Ultimately all this only applies to the CPU and closely associated units (arithmetic and address extension). Moving out to peripheral hardware, the interface to the CPU may be the only part that could be implemented from original schematics. After all, where the magnetic tape drive interface in the original was controlling the actual tape hardware the equivalent in the replica project would be accessing emulated tape storage.

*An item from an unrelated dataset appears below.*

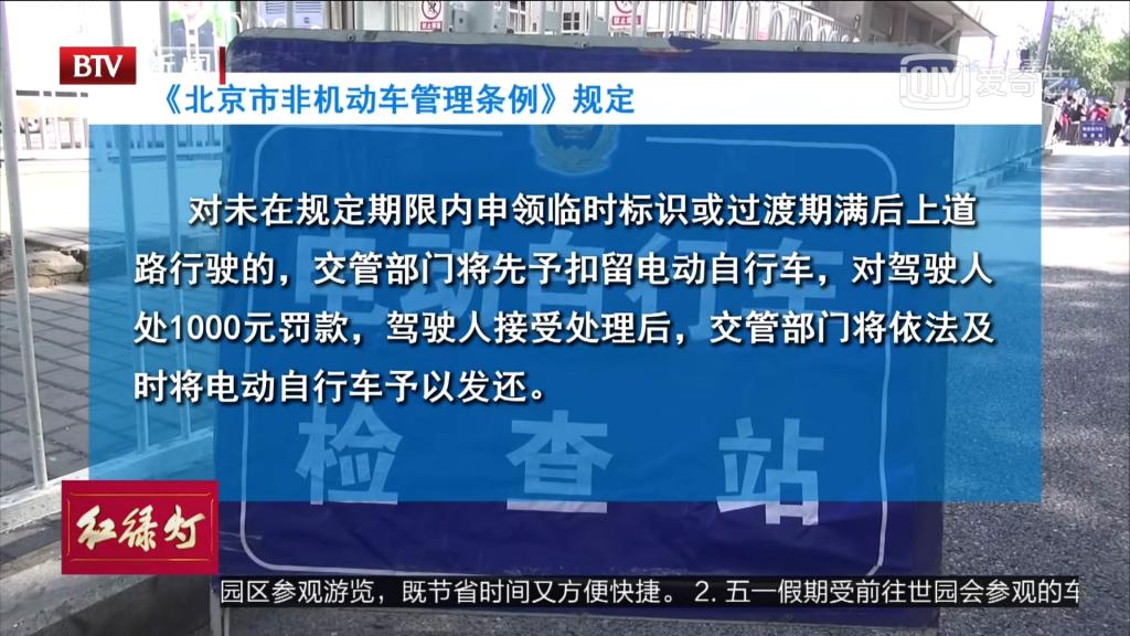 根据北京市交管部门透露,根据《北京市电动自行车过渡期登记和通行管理办法》,电动自行车临时标识申领业务将于4月30日截止,5月1日起,未按规定申领临时标识以及未按规定登记注册并悬挂号牌的电动自行车均不得上路行驶,否则则交管部门将依法予以处罚。

This finally concludes the overview of my project. Its development hasn’t advanced as much as I expected around this time last year since I ended up putting the project aside for a long while. After returning to it, running the MAINDEC test programs revealed a bunch of stuff I forgot to implement or implemented wrong which I had to fix. The optional Extended Arithmetic Element isn’t implemented yet, the Memory Extension & Time Share is now complete pending test failures I need to debug. It is now reaching a state where I consider the design getting ready to be published.
- There are also test programs that exercise and check every single logic gate to help pinpoint a problem. Naturally they are also extremely helpful with verifying that a replica is in fact working exactly like the real thing. [return]
- Thus 50 ns, one cycle of the 20 MHz clock, is the granularity at which these signals are created. The timing pulses, for example, are 100 ns long. [return]
- This is simply implemented by presenting them their own output by a feedback path when enable is false so that they reload their existing value on the clock edge. [return]
- In fact I would be limited by the speed of the external SRAM I use and its 6 bit wide data connection, requiring two cycles for a 12 bit access. [return]
- The IO pins that interface to the outside world generally have the capability to switch disconnection at run time, allowing open collector and similar signaling. [return]
- Besides the memory and expansion bus, the 8/e CPU also has a special interface to attach the Extended Arithmetic Element. [return]